As denúncias podem ser direcionadas ao Ministério Público do Trabalho (MPT), ao Tribunal Superior do Trabalho (TST) ou ao Conselho Superior da Justiça do Trabalho (CSJT). O denunciante pode solicitar o sigilo absoluto de sua identidade durante o processo.

O CSJT também mantém uma página oficial na internet para o esclarecimento de dúvidas e consulta sobre penalidades.

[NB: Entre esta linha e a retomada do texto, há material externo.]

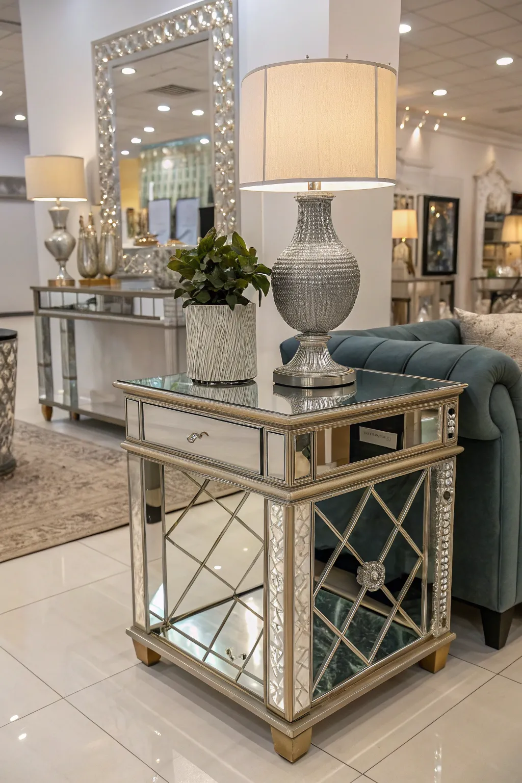 Incorporate mirrored furniture for an added touch of glamour. I find that a mirrored side table in my studio beautifully reflects light and imparts a sophisticated edge to the space.

Consequências Severas para os Empregadores

O empregador que descumprir a legislação e praticar o assédio eleitoral fica sujeito a:

  1. Pagamento de multas administrativas e trabalhistas.
  2. Indenizações por danos morais individuais e coletivos.
  3. Rescisão indireta do contrato: o funcionário prejudicado pode se desligar da empresa e receber todas as verbas rescisórias como se tivesse sido demitido sem justa causa.
  4. Processo criminal: dependendo da gravidade da conduta, os responsáveis podem responder penalmente, com risco de prisão.

A Justiça do Trabalho reforça que a melhor conduta para as empresas é respeitar integralmente a neutralidade e a liberdade de escolha dos seus colaboradores, garantindo um ambiente corporativo ético e democrático.